Adjacent industries already cross verification threshold — SEC, HIPAA, FDA Part 11

Every other industry that handles consequential data has already crossed the verification threshold:

• SEC Rule 17a-4 mandates 6 years of retention in tamper-proof format with audited disaster recovery. Over $3.5 billion in fines for records-related failures since 2021 across SEC, CFTC, and FINRA combined (S-0073, S-0074).
• HIPAA Security Rule mandates encrypted, redundant backups with tested restoration. Maximum penalties of $2.19 million per violation in the willful-neglect tier (S-0075).
• 21 CFR Part 11 requires complete audit trails for any electronic record submitted to the FDA. When Applied Therapeutics submitted a new drug application and the FDA discovered that a vendor had deleted audit trails two days after FDA preannounced its inspection, the application was rejected — unverifiable data was inadmissible regardless of what it showed (S-0076).
• Financial-sector cybersecurity budget allocation: Financial institutions typically allocate 10-20% of their information technology budgets to cybersecurity and recovery planning combined, per Deloitte and Gartner benchmarking. Financial services, government, and healthcare consistently spend the most of any sectors on disaster recovery (S-0077).

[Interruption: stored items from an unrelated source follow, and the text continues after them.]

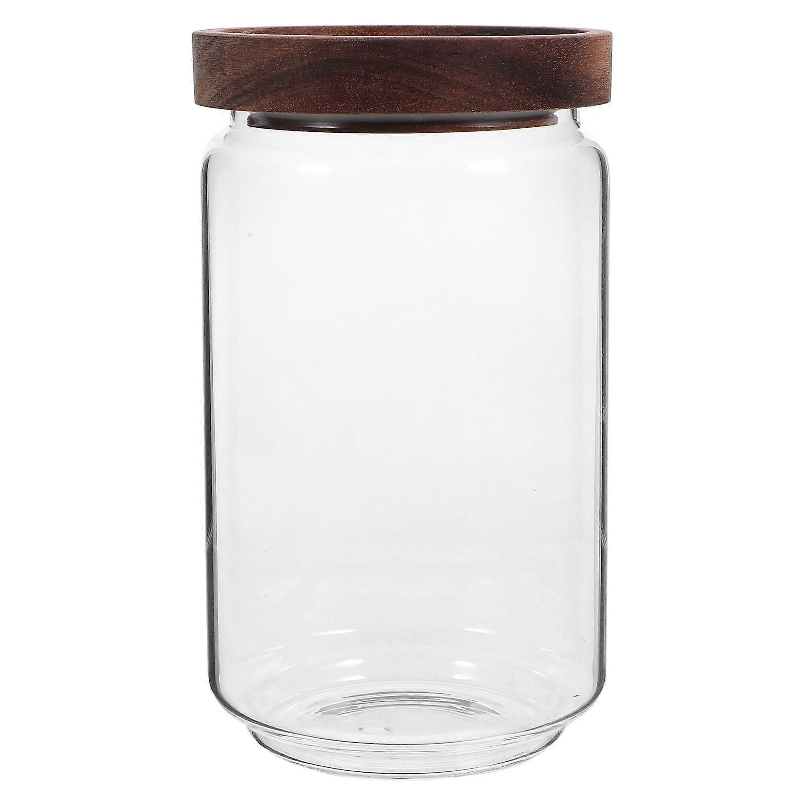 Transparent Glass Candy Jar with Wooden Lid for Storage Use High Borosilicate Portable 750ML
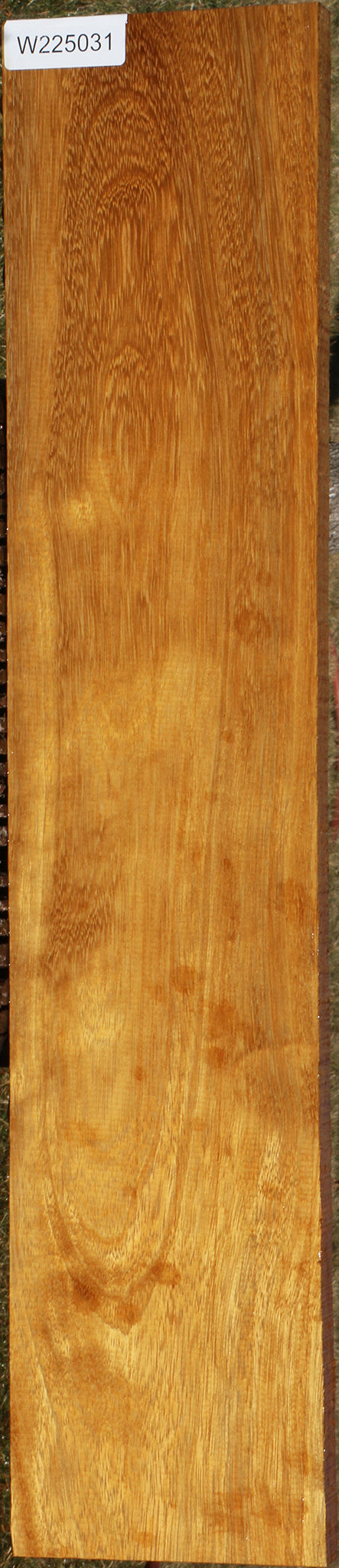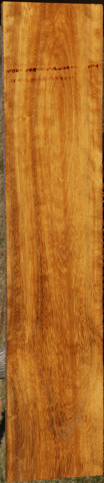 This African Teak lumber is kiln dried and has been surfaced on two sides. The heartwood ranges from yellow to golden with a slight hint of brown. It has a coarse texture with open grain. Quarter or rift sawn boards may show some ribbon or fiddleback figure, as shown in the picture of each item. A minor end or surface check may be present. Boards over 36" may have a slight 1/16" to 1/8" bow/twist. This is an exceptional substitute for genuine Burma Teak at a fraction of the cost! This piece has an end split. Please see pictures for details.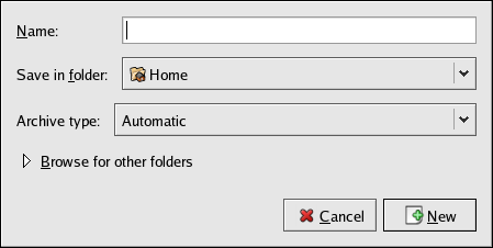 File Roller allows you to create archives of your files and directories. To create a new archive, click New on the toolbar. A file browser pops up, allowing you to specify an archive name and the compression technique. For example, you may choose a Tar Compressed with gzip (.tar.gz) format from the drop-down menu and type the name of the archive file you want to create. Click OK and your new archive is ready to be filled with files and directories. To add files to your new archive, click Add, which opens a browser window that you can navigate to find the file or directory to add to the archive. Click Add when you are finished, and click Archive => Close to close the archive.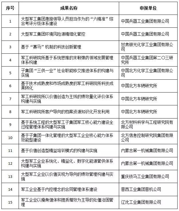 經(jīng)全國企業(yè)管理現(xiàn)代化創(chuàng)新成果審定委員會終審,第二十五屆全國企業(yè)管理現(xiàn)代化創(chuàng)新成果公布,中國兵器工業(yè)集團(tuán)4項(xiàng)創(chuàng)新成果榮獲二等獎。

Each sector built audit infrastructure before enforcement matured, and each saw enforcement scale rapidly once infrastructure was in place. The historical pattern: SEC Rule 17a-4 preceded the off-channel-communications enforcement wave by more than two decades; HIPAA Security Rule preceded the systematic OCR audit program by approximately a decade; 21 CFR Part 11 was published in 1997 and reached the Applied Therapeutics-style enforcement posture only after FDA inspection capacity caught up.

Research data is at the equivalent point in its own arc: mandate regime in place, legal theory settled, precedent stack on adjacent fact patterns accumulated. The variable that determines when enforcement scales to the architectural fact pattern is institutional audit infrastructure — exactly what this paper argues institutions should build.